Sommes-nous dans le cas de figure d’une activité humaine nocive pour la nature? Pierre Cuche ne le croit pas. «Ici, tout le monde est respectueux de la nature, personne ne songe à faire du mal à la faune et à la flore, mais l’activité humaine a aussi sa place dans le cadre naturel, dans une partie de celui-ci seulement. Vous savez, les vaches qui paissent sur les flancs du Chasseral, dérangent, à leur manière, la petite faune», répond-il.
«C’est toute une branche économique et sportive qui risque de disparaître, si la zone classée en réserve naturelle devait s’étendre», enchaîne Jérôme Ducommun, responsable du secteur alpin dans l’association Giron jurassien, dont le grand Didier Cuche est le président. «Giron jurassien regroupe une trentaine de clubs de ski alpin et de ski nordique des cantons de Neuchâtel, du Jura et de Berne, c’est-à-dire le Jura bernois», précise Jérôme Ducommun, qui soutient la pétition.
Environ 60 000 personnes emprunteraient chaque année les remontées de la station berno-neuchâteloise.
L’affaire prend un tour politique.
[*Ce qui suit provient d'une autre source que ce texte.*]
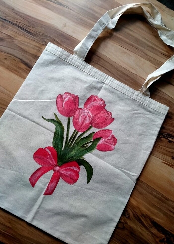 Lale desenli bez çanta

C’est le but affiché par Pierre Cuche et les pétitionnaires:
L'élu Vert Roby Tschopp est responsable de l’aménagement du territoire, du tourisme, du développement économique et des mobilités à l’exécutif de la commune de Val-de-Ruz, dont Les Bugnenets font partie. «Nous sommes au courant du périmètre de l’extension de la réserve naturelle de la Combe-Biosse, mais nous ne connaissons pas encore les règles qui devront s’y appliquer», déclare Roby Tschopp. «Il y a un intérêt à maintenir les installations sportives aux Bugnenets. Il ne faudrait pas qu’elles soient étouffées dans la précipitation. L’avenir climatique dira si le maintien de toutes se justifie, ne serait-ce que d’un point de vue économique», considère l'élu écologiste.
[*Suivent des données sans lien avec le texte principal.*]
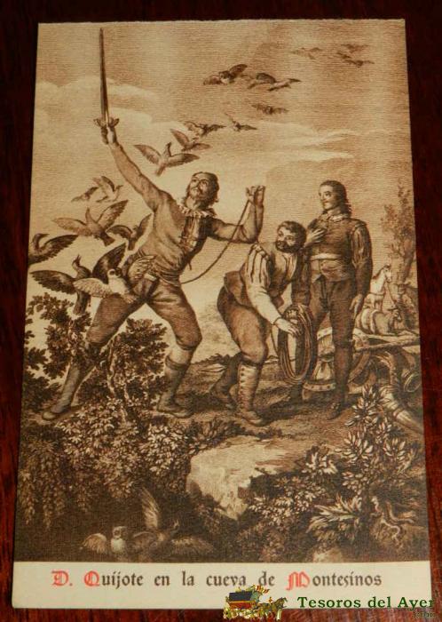 ANTIGUA POSTAL, DON QUIJOTE DE LA MANCHA DE MIGUEL DE CERVANTES SAAVEDRA, 1928, DON QUIJOTE EN LA CUEVA DE MONTESINOS, SIN CIRCULAR. OLD POSTCARD, DON QUIXOTE IN MIGUEL DE CERVANTES SAAVEDRA, 1928, DON QUIXOTE IN THE CAVE OF MONTESINOS, UNCIRCULATED.

Le Grand Conseil neuchâtelois s’est saisi de la polémique. Face à l’inquiétude d’une partie des députés, le conseiller d'Etat en charge du développement territorial, Laurent Favre, a tenu à rassurer sur le «projet» d’extension de la réserve naturelle de la Combe-Biosse. «C'est plutôt un avant-avant-projet», a-t-il dit. «Le Conseil d'Etat, a-t-il ajouté, n'a aucune intention de remettre en question la pratique des sports d'hiver et d'été.» De son côté, le Service cantonal de la faune, des forêts et de la nature n'était pas disponible mercredi pour répondre aux questions de watson.
On dirait que le coup de pression des «montagnards» a eu l’effet escompté. Le héros Didier Cuche n’a, qui sait, même pas eu besoin de passer un coup de fil.